● RECORDED DATA:

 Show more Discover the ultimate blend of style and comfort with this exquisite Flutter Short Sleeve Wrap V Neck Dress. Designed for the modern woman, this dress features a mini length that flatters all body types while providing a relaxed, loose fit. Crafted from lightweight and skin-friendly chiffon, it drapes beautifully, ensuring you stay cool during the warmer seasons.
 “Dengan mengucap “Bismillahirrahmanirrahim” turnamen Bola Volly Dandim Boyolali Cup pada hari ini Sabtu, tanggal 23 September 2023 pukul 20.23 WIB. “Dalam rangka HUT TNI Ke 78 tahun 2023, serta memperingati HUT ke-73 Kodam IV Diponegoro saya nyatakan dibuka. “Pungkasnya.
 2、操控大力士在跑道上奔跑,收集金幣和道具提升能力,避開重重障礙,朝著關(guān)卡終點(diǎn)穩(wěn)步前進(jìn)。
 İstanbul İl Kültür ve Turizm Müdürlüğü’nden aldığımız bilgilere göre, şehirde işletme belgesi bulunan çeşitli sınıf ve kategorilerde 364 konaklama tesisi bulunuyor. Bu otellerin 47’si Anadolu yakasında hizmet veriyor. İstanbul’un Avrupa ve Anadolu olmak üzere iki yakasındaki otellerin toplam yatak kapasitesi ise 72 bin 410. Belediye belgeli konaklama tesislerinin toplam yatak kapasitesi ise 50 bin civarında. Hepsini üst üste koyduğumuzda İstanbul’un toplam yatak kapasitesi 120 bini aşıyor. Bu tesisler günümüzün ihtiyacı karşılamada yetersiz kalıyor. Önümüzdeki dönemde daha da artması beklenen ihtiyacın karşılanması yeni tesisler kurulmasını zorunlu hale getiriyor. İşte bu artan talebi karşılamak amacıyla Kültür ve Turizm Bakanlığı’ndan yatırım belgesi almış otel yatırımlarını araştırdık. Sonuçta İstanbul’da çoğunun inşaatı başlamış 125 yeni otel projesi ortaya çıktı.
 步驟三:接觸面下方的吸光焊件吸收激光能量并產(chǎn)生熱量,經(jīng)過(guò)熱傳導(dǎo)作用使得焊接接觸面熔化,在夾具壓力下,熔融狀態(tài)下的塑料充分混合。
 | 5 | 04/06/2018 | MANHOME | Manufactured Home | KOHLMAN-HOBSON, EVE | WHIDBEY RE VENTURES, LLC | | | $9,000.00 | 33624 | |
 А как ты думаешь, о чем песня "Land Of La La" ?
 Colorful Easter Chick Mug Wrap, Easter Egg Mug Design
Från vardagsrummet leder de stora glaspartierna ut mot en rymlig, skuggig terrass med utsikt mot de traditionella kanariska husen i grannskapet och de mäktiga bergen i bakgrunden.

==

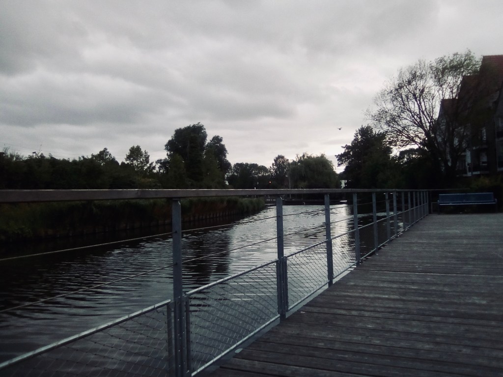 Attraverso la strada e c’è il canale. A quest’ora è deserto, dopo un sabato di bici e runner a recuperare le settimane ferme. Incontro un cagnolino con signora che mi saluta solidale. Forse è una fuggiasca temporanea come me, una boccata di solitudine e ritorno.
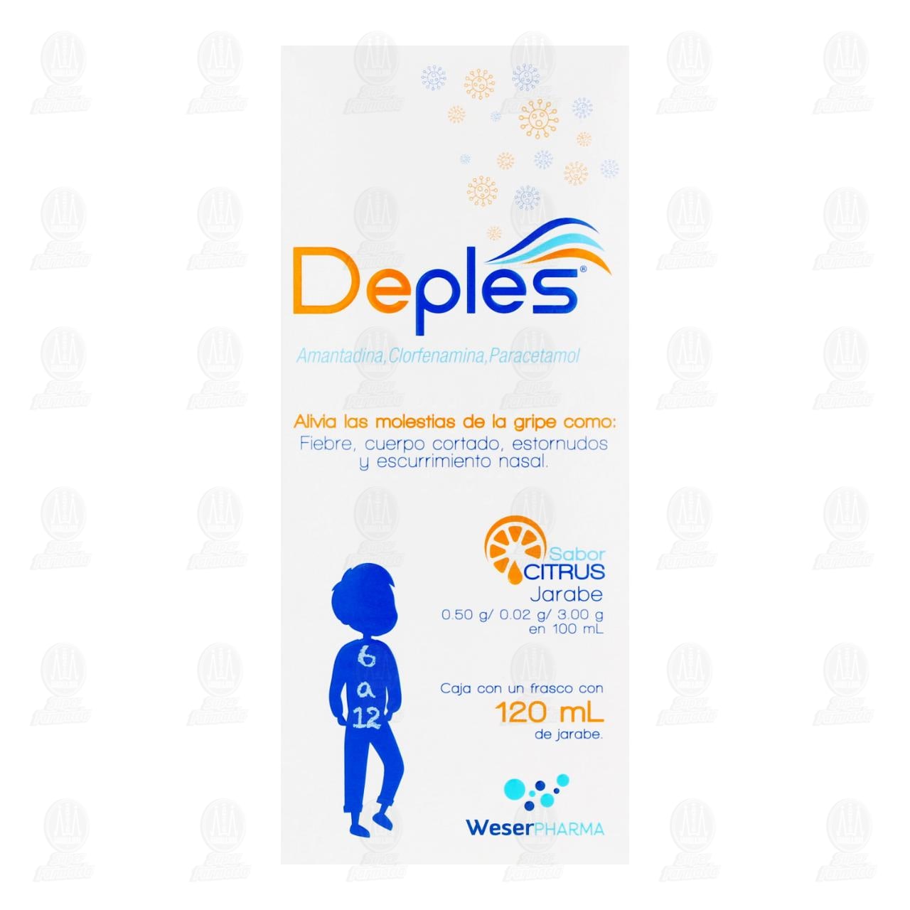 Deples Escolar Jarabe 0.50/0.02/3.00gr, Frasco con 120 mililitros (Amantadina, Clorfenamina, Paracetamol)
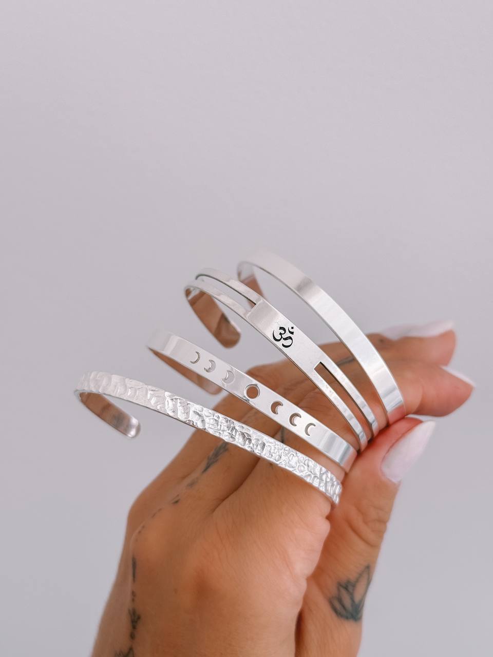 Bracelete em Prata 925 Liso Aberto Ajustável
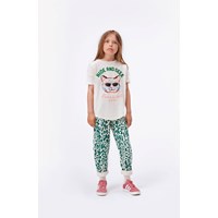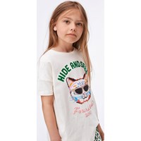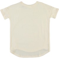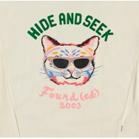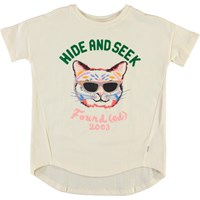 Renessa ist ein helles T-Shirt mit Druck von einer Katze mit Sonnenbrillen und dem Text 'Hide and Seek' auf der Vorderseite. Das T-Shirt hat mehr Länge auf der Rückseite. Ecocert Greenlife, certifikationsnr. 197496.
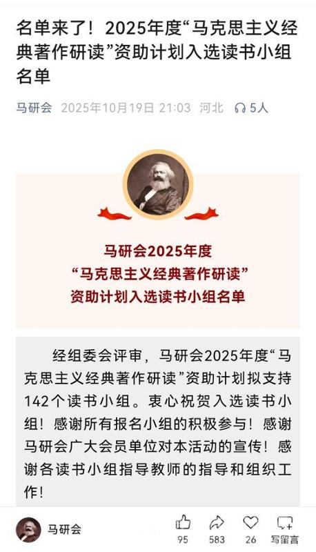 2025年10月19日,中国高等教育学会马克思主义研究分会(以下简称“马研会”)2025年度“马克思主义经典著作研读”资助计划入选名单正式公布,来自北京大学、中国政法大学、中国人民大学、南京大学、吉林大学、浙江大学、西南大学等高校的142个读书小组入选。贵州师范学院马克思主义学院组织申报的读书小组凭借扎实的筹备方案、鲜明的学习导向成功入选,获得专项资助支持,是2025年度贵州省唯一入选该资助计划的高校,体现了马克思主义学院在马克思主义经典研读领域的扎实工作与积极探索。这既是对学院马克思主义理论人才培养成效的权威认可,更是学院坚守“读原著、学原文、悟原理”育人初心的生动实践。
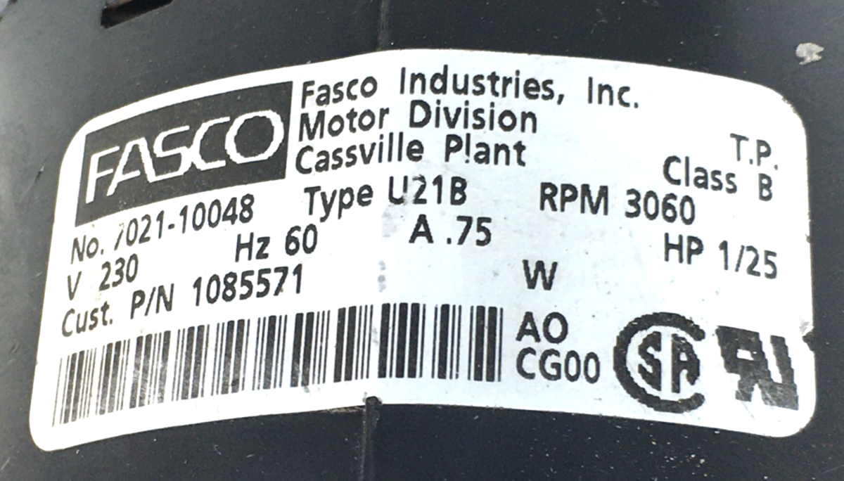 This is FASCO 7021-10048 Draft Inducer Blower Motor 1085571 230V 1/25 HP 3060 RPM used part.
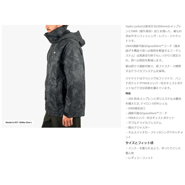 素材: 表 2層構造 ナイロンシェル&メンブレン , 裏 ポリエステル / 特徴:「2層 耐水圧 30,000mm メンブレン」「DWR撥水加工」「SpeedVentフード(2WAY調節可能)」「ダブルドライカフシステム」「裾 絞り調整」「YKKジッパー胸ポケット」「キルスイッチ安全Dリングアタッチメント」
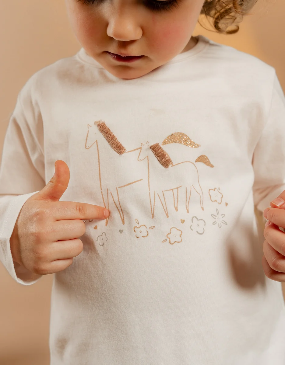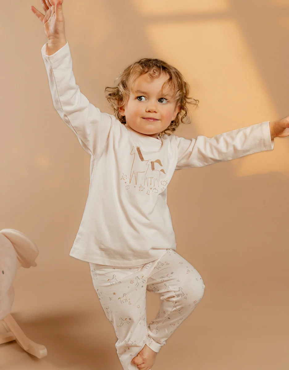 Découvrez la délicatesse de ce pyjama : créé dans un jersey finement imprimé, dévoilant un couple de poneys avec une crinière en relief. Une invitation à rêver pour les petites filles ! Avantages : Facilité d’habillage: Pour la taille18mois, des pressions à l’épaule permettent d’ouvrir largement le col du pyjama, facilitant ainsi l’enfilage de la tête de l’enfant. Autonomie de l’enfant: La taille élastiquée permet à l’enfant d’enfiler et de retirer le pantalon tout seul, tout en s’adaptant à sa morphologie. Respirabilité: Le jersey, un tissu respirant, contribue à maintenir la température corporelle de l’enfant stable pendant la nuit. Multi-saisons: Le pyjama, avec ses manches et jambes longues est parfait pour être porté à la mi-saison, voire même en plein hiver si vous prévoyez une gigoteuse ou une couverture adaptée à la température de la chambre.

● PROBLEM DESCRIPTION: A single number is the answer: how many lines of the entries above contain "Wrap"?

● TASK ANSWER: 2